我描述了我的程序,超过80%的时间花在了这个单行函数上!我该如何优化它?我正在运行PyPy,所以我宁愿不使用NumPy,但由于我的程序几乎所有的时间花在那里,我认为放弃PyPy for NumPy可能是值得的。但是,我更喜欢使用CFFI,因为它与PyPy更兼容。
#x, y, are lists of 1s and 0s. c_out is a positive int. bit is 1 or 0.

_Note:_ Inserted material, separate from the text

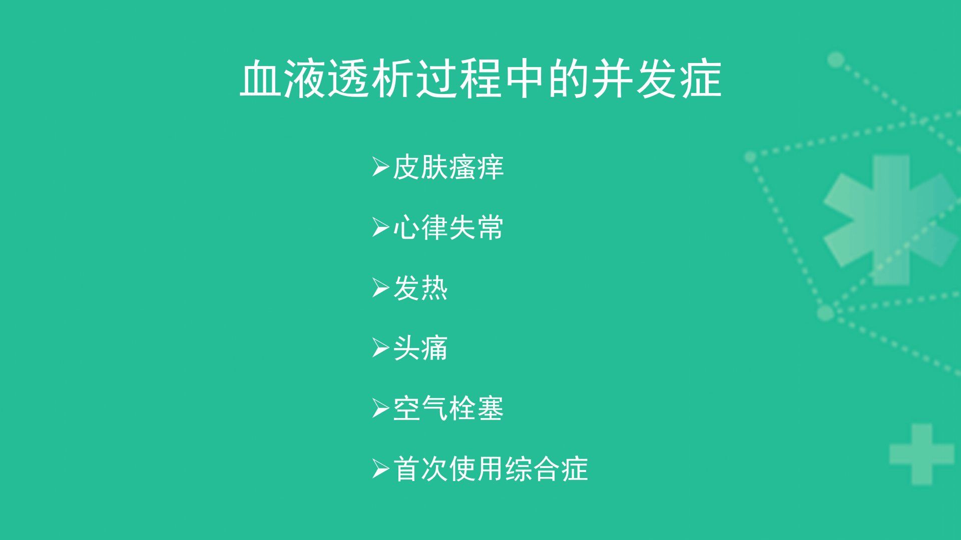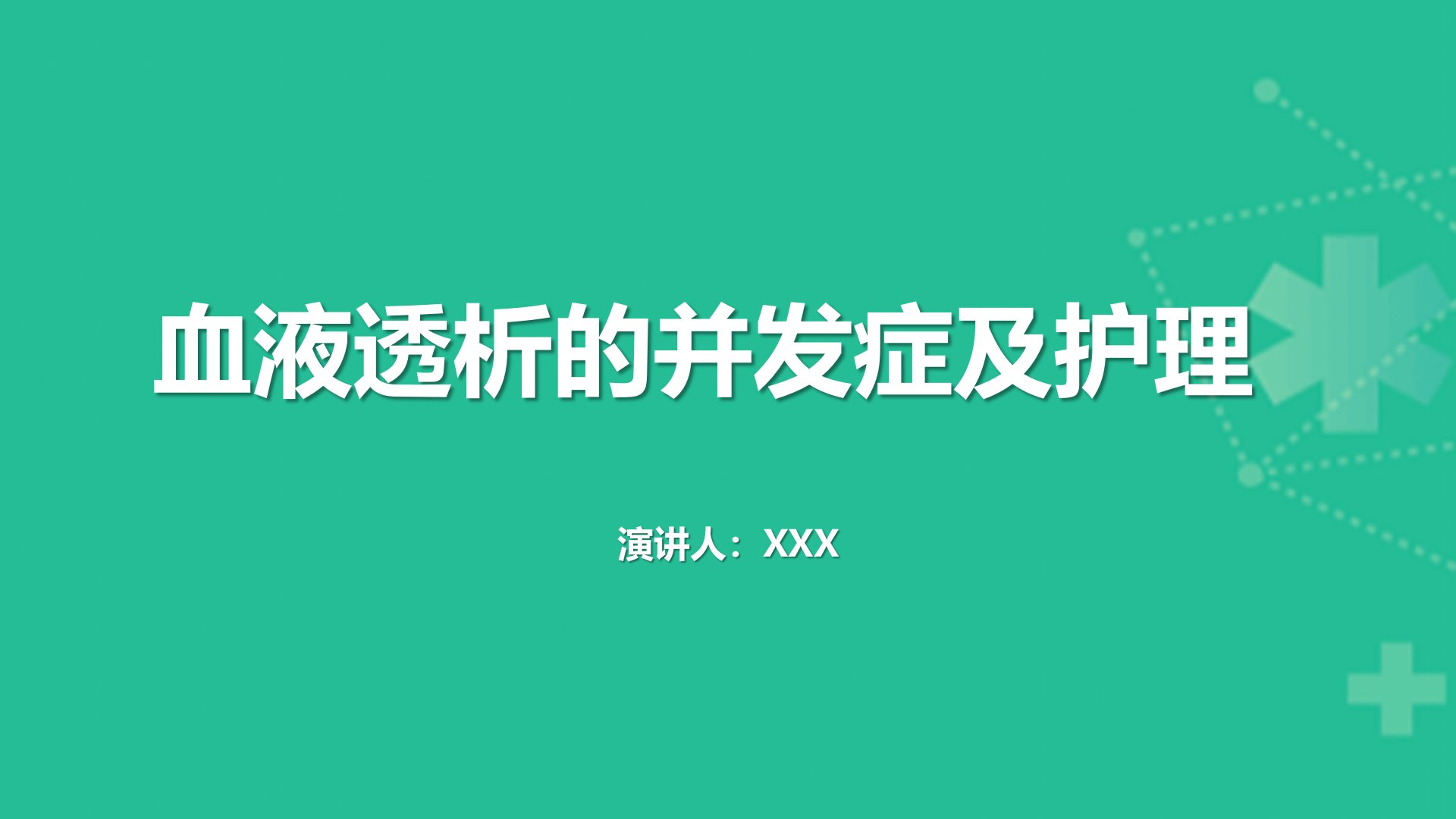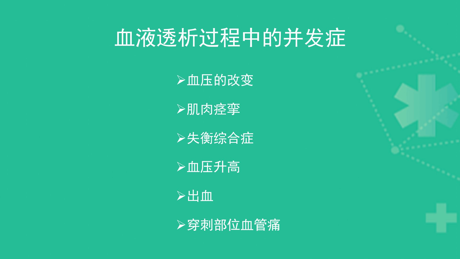 血液透析的并发症及护理演讲人:XXX血液透析过程中的并发症血压的改变肌肉痉挛失衡综合症血压升高出血穿刺部位血管痛血液透析过程中的并发症皮肤瘙痒心律失常发热头痛空气栓塞首次使用综合症(一)血压下降1.主要病因(1)不恰当的除水,如除水速度过快,除水量过多,或低于基础体重(干体重)以下的除水。(2)血管调节功能失常,特别是糖尿病及动脉硬化血管运动(即收缩舒张)功能失调,除水使血容量减少时,血管收缩障碍,引起血压下降。一、血压改变(3)心脏病,各种心脏病患者由于心功能不全或心律失常,引起机体有效血容量不足,在透析中更容易导致低血压。(4)全身状态不良,如发热、出汗、睡眠不足,机体消耗较大或饮食摄入不...

def findCarryIn(x, y, c_out, bit):
return (2 * c_out +
bit -
sum(map(lambda x_bit, y_bit: x_bit & y_bit, x, reversed(y)))) #note this is basically a dot product.
答案 0 :(得分:1)
使用numpy肯定会加速很多。你可以定义你的函数:
def find_carry_numpy(x, y, c_out, bit):
return 2 * c_out + bit - np.sum(x & y[::-1])
创建一些随机数据:
In [36]: n = 100; c = 15; bit = 1
In [37]: x_arr = np.random.rand(n) > 0.5
In [38]: y_arr = np.random.rand(n) > 0.5
In [39]: x_list = list(x_arr)
In [40]: y_list = list(y_arr)
检查结果是否相同:
In [42]: find_carry_numpy(x_arr, y_arr, c, bit)
Out[42]: 10
In [43]: findCarryIn(x_list, y_list, c, bit)
Out[43]: 10
快速测试:
In [44]: timeit find_carry_numpy(x_arr, y_arr, c, bit)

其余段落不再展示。